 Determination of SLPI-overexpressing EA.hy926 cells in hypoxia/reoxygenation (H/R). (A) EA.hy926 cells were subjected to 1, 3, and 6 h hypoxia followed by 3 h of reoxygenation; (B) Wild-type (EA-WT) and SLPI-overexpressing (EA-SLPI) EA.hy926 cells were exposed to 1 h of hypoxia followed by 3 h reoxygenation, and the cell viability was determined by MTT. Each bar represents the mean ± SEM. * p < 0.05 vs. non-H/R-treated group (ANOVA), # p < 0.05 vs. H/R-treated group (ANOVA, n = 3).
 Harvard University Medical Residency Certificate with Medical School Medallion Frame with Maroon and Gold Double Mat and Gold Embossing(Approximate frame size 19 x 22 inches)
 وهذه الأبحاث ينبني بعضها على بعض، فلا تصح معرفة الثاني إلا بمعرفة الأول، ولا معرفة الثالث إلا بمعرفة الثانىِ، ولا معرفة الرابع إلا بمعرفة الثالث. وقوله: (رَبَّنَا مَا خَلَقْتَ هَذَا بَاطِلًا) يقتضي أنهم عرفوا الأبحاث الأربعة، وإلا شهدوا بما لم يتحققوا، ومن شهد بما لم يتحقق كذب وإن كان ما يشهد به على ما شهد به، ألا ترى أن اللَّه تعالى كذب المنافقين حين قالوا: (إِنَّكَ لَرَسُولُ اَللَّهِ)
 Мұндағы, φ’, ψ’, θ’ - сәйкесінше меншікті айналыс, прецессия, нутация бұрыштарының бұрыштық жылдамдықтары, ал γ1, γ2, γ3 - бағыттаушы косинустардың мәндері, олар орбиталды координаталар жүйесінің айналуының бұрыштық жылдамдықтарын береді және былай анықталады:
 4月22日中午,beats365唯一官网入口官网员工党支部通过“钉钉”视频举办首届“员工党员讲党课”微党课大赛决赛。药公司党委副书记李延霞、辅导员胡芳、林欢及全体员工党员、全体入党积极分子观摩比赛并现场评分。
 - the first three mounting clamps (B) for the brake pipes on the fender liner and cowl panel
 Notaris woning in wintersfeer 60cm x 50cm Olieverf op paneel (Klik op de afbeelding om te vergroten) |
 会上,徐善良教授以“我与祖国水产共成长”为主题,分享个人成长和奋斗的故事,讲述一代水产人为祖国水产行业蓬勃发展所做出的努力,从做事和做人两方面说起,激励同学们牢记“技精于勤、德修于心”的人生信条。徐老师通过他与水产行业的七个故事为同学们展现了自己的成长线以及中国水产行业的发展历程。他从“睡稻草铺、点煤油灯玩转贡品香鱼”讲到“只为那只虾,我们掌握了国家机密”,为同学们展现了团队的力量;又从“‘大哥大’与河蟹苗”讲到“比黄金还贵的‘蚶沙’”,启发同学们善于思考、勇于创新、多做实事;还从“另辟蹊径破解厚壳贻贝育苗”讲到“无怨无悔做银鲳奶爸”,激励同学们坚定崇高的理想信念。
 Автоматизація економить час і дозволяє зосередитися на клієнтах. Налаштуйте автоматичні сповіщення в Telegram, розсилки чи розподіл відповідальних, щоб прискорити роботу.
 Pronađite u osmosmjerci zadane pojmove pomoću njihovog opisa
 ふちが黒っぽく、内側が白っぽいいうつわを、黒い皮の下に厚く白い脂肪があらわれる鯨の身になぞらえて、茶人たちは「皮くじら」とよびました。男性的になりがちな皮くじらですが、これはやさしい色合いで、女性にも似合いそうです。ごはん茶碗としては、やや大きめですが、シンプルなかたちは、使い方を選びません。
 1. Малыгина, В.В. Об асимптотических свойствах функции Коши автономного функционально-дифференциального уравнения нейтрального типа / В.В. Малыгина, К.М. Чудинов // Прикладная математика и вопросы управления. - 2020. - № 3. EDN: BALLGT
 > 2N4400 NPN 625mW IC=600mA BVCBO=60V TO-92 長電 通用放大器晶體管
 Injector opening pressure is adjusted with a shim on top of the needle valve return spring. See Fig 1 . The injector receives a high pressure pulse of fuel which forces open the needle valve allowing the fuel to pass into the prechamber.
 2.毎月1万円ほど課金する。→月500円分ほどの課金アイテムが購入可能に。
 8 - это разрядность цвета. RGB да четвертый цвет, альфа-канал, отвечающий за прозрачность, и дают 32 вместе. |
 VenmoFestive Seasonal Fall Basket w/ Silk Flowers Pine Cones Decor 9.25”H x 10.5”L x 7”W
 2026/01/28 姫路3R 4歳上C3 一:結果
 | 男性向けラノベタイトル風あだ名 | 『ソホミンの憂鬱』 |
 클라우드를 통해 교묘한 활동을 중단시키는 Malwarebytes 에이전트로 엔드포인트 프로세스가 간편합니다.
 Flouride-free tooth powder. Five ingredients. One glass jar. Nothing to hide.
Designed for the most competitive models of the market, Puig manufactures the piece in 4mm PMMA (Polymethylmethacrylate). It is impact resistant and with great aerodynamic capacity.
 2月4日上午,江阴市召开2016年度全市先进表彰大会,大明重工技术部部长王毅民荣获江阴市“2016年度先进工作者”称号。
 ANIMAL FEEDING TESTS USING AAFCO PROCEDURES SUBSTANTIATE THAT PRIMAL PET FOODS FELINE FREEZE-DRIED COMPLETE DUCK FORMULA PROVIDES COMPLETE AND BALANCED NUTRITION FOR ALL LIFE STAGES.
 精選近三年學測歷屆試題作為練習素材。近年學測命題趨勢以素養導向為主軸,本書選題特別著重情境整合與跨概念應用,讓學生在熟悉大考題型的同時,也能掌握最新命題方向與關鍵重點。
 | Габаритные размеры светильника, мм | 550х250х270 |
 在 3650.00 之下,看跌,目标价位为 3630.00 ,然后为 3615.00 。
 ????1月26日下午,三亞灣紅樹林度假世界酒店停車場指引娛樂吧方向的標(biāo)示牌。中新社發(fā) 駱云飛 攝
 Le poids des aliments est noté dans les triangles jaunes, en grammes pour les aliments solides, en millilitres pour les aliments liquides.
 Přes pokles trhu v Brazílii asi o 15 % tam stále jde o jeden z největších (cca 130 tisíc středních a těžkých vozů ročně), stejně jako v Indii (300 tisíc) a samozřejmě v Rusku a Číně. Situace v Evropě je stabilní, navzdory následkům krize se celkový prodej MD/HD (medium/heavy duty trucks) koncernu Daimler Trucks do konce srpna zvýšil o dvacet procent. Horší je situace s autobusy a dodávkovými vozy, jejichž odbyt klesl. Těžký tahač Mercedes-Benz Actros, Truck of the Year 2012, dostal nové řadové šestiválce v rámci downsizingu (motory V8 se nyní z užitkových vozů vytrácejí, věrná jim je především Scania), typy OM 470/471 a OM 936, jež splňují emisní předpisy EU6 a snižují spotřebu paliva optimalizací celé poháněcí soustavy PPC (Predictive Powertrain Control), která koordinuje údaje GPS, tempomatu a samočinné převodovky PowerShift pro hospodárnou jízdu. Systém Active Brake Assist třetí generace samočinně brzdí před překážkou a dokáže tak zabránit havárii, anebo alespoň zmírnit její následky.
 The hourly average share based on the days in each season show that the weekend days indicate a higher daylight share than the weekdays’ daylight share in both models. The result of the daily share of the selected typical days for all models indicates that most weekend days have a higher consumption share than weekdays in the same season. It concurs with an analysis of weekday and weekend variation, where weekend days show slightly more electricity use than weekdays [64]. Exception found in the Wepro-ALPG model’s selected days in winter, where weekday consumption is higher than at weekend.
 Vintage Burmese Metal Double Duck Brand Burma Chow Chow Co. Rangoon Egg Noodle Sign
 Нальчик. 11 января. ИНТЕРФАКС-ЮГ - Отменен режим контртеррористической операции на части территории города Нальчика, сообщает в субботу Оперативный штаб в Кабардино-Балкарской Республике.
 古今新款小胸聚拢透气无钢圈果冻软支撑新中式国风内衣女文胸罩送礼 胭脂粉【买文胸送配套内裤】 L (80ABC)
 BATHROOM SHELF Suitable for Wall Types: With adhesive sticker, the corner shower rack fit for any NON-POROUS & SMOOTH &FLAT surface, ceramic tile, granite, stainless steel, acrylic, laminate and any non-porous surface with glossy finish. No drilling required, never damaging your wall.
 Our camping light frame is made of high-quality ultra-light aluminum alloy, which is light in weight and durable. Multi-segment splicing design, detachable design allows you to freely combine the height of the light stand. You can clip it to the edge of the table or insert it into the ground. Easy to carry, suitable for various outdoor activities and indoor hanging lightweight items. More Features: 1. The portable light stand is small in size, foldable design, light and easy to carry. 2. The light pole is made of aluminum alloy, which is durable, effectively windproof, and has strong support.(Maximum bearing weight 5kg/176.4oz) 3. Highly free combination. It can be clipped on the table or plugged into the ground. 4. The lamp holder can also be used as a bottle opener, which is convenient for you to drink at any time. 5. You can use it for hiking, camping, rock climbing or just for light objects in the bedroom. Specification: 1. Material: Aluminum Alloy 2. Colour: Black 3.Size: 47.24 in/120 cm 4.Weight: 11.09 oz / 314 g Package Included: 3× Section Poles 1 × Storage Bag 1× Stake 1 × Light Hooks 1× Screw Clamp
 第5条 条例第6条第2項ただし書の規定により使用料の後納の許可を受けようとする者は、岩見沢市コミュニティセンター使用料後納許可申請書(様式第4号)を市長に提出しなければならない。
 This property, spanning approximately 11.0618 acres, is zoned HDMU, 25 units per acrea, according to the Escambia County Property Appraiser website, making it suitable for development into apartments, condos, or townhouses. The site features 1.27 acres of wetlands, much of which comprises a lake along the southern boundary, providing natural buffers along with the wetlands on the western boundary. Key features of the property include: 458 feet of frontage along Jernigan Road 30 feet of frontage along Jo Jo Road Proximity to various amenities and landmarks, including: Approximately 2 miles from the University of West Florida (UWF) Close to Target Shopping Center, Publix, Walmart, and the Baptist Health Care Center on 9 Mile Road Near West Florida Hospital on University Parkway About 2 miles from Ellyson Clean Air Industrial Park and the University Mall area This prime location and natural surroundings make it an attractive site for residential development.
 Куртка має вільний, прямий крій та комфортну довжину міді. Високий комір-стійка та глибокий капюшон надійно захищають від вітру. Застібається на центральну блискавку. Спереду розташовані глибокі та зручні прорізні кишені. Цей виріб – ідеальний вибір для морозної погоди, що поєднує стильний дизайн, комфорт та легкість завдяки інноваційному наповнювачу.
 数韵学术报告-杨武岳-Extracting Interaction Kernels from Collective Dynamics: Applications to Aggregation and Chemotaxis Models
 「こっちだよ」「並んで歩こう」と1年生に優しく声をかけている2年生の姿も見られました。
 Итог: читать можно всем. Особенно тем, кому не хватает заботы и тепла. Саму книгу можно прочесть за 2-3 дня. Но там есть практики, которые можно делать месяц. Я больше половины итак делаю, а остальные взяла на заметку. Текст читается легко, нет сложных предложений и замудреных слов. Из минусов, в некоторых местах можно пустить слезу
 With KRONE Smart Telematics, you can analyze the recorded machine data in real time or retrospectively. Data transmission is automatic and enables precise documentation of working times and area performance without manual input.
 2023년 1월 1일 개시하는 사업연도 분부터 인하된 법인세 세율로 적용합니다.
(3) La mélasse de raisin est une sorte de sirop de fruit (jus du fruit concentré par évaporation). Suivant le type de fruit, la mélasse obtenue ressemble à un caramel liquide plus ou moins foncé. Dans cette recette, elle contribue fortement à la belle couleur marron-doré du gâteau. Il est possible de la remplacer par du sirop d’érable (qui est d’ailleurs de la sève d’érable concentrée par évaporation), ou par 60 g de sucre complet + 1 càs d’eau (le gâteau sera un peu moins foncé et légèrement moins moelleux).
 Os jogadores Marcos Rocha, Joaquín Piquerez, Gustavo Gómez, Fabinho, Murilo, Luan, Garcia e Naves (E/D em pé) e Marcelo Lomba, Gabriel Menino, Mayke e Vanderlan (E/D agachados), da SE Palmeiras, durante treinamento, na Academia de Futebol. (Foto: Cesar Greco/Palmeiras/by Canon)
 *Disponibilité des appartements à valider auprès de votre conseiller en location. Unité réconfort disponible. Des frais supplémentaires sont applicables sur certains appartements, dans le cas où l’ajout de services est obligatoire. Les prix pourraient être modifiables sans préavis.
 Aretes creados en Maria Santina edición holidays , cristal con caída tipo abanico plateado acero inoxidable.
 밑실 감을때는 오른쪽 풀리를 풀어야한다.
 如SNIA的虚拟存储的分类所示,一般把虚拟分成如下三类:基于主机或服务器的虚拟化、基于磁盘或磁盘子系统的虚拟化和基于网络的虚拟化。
------------------------------------------------------------------------
**WORK INSTRUCTIONS:** Your answer should consist of the lines from the line with "Vintage Burmese Metal" to the line with "BATHROOM SHELF Suitable" above, repeated exactly, both ends included.

**TASK ANSWER:**
 Vintage Burmese Metal Double Duck Brand Burma Chow Chow Co. Rangoon Egg Noodle Sign
 Нальчик. 11 января. ИНТЕРФАКС-ЮГ - Отменен режим контртеррористической операции на части территории города Нальчика, сообщает в субботу Оперативный штаб в Кабардино-Балкарской Республике.
 古今新款小胸聚拢透气无钢圈果冻软支撑新中式国风内衣女文胸罩送礼 胭脂粉【买文胸送配套内裤】 L (80ABC)
 BATHROOM SHELF Suitable for Wall Types: With adhesive sticker, the corner shower rack fit for any NON-POROUS & SMOOTH &FLAT surface, ceramic tile, granite, stainless steel, acrylic, laminate and any non-porous surface with glossy finish. No drilling required, never damaging your wall.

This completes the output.